Use case: We essentially have a network that is split into two separate sides, with a specific set of nodes (called “staked ANs”) act as the gatekeepers between one side of the network and the other.
I want to allow messages on certain topics to pass from the right side of the network to the left side, and I want NO messages to pass from the left to the right.
Originally, we were thinking we could accomplish this using Topic Validators, as discussed in the post above. However, there are two concerns here.
Will this impact how nodes on the left side score the staked ANs? They would notice that the staked AN’s are dropping all their messages, and hence would decrease their score right?
How can we control which topics to allow messages to pass from the right to the left? For topics we don’t want messages to pass through, we need some way of only forwarding / gossipping them back to the right side of the network (we also cannot just drop them entirely once we receive them or else nodes on the right side will decrease our score).
Abstractly, these two concerns are the same:
We need a mechanism where, given a message, we can filter out nodes that we don’t want to forward or gossip about the message to.
A more subtle point: To be fully secure, we probably also want some mechanism so that if the nodes on the left side of the network sends an IWANT request for a message that we received but that was never forwarded / gossiped to that side of the network (and hence is a message the left side of the network should not know about), we ignore / act as if that message doesn’t exist.
This is an interesting use case, we could potentially allow for a user filter in gossip node selection. Can you open an issue so that we discuss there and develop a solution?
Okay, I will create an issue. Something related to this that I wanted to ask, is about the peer information sharing.
In the above scenario, we also want to ensure that peer address information of nodes on the right side of the network do not get revealed to nodes on the left. However, in the protocol the peers will tell each other about peers that they know about, right? And if so, is there some way for me to say “for peers among a given peer ID set, I should never share their information with peers outside of that set”?
If I interpreted correctly, you are saying they will not tell other peers about information from their own peerstore by default, correct?
I should also mention that we are using DHT on the left side of the network for peer discovery. Does that change anything? For example, could a node on the left side of the network find out about peers of the staked AN’s that are on the right side of the network via DHT queries or anything like that?
Also #1153, #1154, and #1155 (I wasn’t allowed to post more than 2 links)
Hey @vyzo, so I’ve thought about our usecase a little more, and I realize that the staked AN’s in the middle are basically just acting as relayers who relay messages unidirectionally from the right side to the left side of the network.
Once the messages reach the left side, the nodes on the left can gossip those messages among themselves all they want, but what we don’t want is for new messages to go from the left to the right.
What would really be simpler here, both conceptually and in implementation, is a mechanism that allows us to relay the message to a different topic.
There are two obstacles to this approach though:
We could just relay it by calling Topic.Publish, but that will fill in our own peer ID in the From field.
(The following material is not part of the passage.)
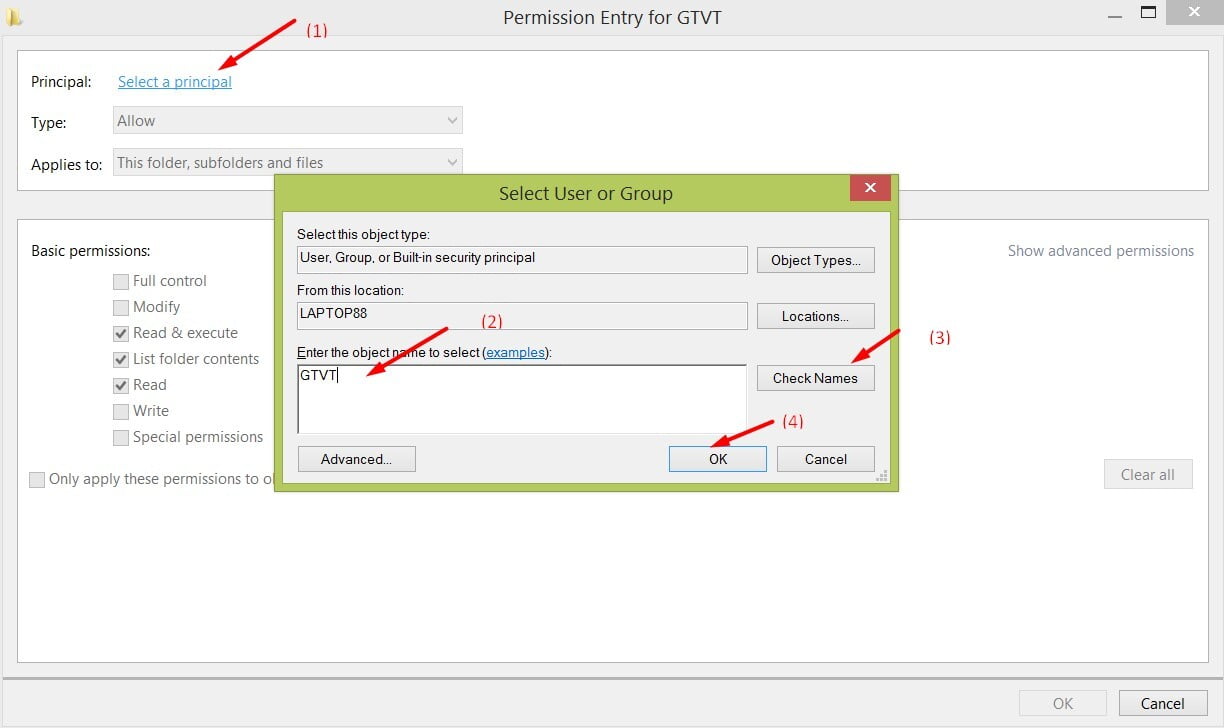 Bước 5: Chọn Select apricipal → Rồi nhập User quản lý thư mục đó → Chọn Check Names → OK

This means that if two different staked ANs relay the same message from the right side of the network to the leftside, they will become two distinct messages on the left side, causing unnecessary message duplication.
Maybe we could call PubSubRouter.Publish instead, but as far as I’m aware this interface isn’t actually available to our application code. For example the gossipsub constructor wraps the creation of the router, and the router is not a public field. Further more, we cannot just construct our own router since the fields we need to set on it are private: go-libp2p-pubsub/gossipsub.go at master · libp2p/go-libp2p-pubsub · GitHub
Do you think it would make sense to make the PubSubRouter directly accessible from application code? Would there be any side effects if I directly published a message to the router?
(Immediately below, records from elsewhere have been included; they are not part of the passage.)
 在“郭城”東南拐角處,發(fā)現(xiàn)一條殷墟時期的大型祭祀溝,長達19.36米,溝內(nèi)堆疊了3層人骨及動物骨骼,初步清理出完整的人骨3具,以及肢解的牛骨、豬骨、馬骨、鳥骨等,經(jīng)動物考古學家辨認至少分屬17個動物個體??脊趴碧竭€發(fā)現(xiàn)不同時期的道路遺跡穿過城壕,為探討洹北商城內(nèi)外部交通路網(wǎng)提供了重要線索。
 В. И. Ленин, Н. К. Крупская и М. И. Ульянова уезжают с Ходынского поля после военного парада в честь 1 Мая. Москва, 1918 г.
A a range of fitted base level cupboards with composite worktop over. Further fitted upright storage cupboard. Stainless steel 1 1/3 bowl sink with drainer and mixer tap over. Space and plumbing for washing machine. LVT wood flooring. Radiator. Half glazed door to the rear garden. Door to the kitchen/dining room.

I think you can more simply accomplish the same thing by using two different topics; the middlemen subscribe to both and forward between topics as needed.
So in the default, non PX, non DHT gossipsub, how does a peer find out about new peers they can connect to?
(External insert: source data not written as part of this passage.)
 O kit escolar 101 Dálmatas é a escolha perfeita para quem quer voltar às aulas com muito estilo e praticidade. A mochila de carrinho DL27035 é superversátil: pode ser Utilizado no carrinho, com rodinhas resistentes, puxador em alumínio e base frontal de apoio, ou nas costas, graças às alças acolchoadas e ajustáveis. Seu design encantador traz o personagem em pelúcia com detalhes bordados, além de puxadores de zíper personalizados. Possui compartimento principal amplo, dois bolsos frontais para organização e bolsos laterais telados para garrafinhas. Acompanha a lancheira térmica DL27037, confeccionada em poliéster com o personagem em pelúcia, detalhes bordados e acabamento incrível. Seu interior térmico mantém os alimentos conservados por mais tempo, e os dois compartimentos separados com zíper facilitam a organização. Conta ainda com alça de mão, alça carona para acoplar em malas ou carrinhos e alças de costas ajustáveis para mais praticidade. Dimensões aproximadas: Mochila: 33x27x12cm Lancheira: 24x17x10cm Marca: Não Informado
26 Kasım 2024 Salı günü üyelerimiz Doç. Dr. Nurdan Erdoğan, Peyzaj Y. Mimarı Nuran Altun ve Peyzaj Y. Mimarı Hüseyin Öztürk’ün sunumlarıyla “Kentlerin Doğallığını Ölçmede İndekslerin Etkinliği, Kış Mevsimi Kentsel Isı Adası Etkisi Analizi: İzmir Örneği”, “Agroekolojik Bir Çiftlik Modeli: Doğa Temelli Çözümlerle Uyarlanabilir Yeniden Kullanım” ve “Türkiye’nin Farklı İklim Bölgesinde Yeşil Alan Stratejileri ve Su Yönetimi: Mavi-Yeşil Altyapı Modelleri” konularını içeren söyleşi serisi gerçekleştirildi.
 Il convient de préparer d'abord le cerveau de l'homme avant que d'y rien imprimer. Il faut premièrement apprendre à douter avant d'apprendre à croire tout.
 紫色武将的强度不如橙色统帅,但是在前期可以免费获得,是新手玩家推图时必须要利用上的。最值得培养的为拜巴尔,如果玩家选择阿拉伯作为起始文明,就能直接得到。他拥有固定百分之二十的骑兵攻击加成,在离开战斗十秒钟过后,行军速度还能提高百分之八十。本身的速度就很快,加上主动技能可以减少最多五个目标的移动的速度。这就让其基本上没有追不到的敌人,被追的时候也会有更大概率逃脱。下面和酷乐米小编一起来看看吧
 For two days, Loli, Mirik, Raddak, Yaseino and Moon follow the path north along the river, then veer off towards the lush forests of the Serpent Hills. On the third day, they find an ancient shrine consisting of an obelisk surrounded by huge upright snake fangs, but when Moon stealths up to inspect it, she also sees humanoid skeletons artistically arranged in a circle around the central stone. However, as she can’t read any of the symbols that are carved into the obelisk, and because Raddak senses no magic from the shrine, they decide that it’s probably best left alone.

Originally my understanding was that peers tell each others about other peers they know about, but you said this isn’t the case.
But then, does that mean that as a new peer joining the network I will never learn about other peers besides the ones I already knew prior to joining the network?
Or do you just mean that this only happens if you provide a discovery object to the pubsub?
Secondly, I was wondering if it is possible to completely ignore certain peers on a given topic?
Meaning, I will not forward or gossip about any messages I hear on that channel to them. As far as I’m concerned, they’re not subscribed to the channel at all, even if they tell me they are.
I saw the Subscription Filters, but @vishal tried it out and it doesn’t seem to do what we thought it would do,
I observed that while the subscription filter does ignore the subscription request from a peer for a topic, it does not stop the peer from gossiping the message for that topic.
In my little test, A, B and C are 3 nodes, A connects to B and C, and all three subscribe to two topics - 1 & 2.
A and B use a subscription filter which filter C from sending subscription request for topic 2.
When C does send a message on topic 2, A and B both get the message.